2011Fall7646 Project 3
You are to implement a KNN learner that can accept a different number of features. You should then use that learner to evaluate the effectiveness of each feature. Use the kdtknn learner (for speed).
The deliverable for this project is the code that implements the above learner and evaluator (evaluate.py), the output text from your program (output.txt) that concludes with a listing of the "best" set of features.
You can find a program that provides a framework for this in QSTK/Examples/Features/featuretest.py
Use the following 9 features. They are coded in the file QSTK/qstkfeat/features.py
0. 10 day moving average: featMA(dfPrice, lLookback=10, bRel=True)
1. 20 day moving average: featMA(dfPrice, lLookback=20)
2. 10 day RSI: featRSI(dfPrice, lLookback=10)
3. 20 day RSI: featRSI(dfPrice, lLookback=20)
4. draw down: featDrawDown(dfPrice)
5. run up: featRunUp(dfPrice)
6. 10 day volume: featVolumeDelta(dfVolume, lLookback= 10)
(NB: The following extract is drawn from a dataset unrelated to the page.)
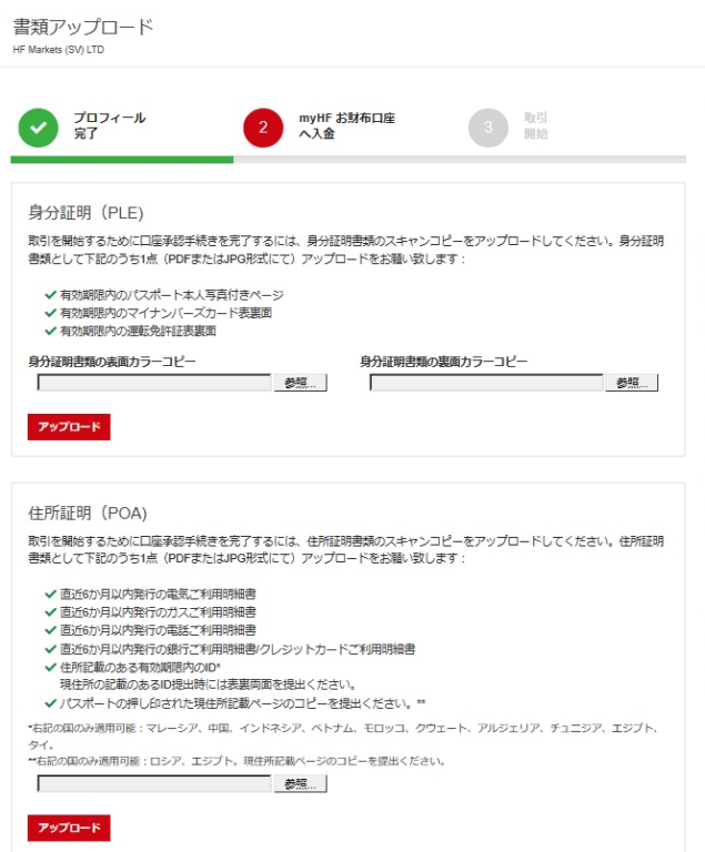 身分証明と住所証明のファイルを選択し、それぞれアップロードボタンを押下します。

7. 20 day volume: featVolumeDelta(dfVolume, lLookback = 20)
8. Aroon: featAroon(dfPrice, bDown=False)
You will also have to populate your matrix with:
9. 5 day return: classFutRet(dfPrice, lLookforward = 5). (not really a feature, this is the value to be trained/learned).
You should create a list of the current constituents of the DOW 30 (this is available online). Save those symbols in a file of your choosing and use it as input to your program. Due to difficulties with the data, we will not be using the SP500 for this project. You should use Jan 1 2007 to Dec 31 20009 for training. You should use Jan 1 2010 to June 30 2010 for testing
Create a learner that can accept a list of 1 to 10 features (see list of features above). Train your system to predict 5 day returns. You are to find the set of features that maximizes the correlation coefficient between actual 5 day returns and predicted 5 day returns for the testing set. Use K=5
You should do this by first finding the single best feature, then iteratively adding one feature at a time such that that feature improves the correlation coefficient the best.
Each time your program tests a set of features, it should print out a line of text similar to the below:
testing feature set [0, 9] corr coef = 0.0005 testing feature set [1, 9] corr coef = 0.0008 ... testing feature set [8, 6, 5, 9] corr coef = 0.0012 ... best feature set is [8, 6, 5, 1, 9] corr coef = 0.0013
Software to write
- Create a python program evaluate.py that finds the best set of features (as outlined above).
Experiments to run
- Run the experiment over the symbols given above, using the dates given above.
Submit files (attachments) via t-square
- Your code in evaluate.py
- Output of your code in output.txt
- Disclose and cite any code or ideas you drew from others.
How to submit
Go to the t-square site for the class, then click on the "assignments" tab. Click on "add attachment" to add your 2 files. Once you are sure you've added the files, click "submit."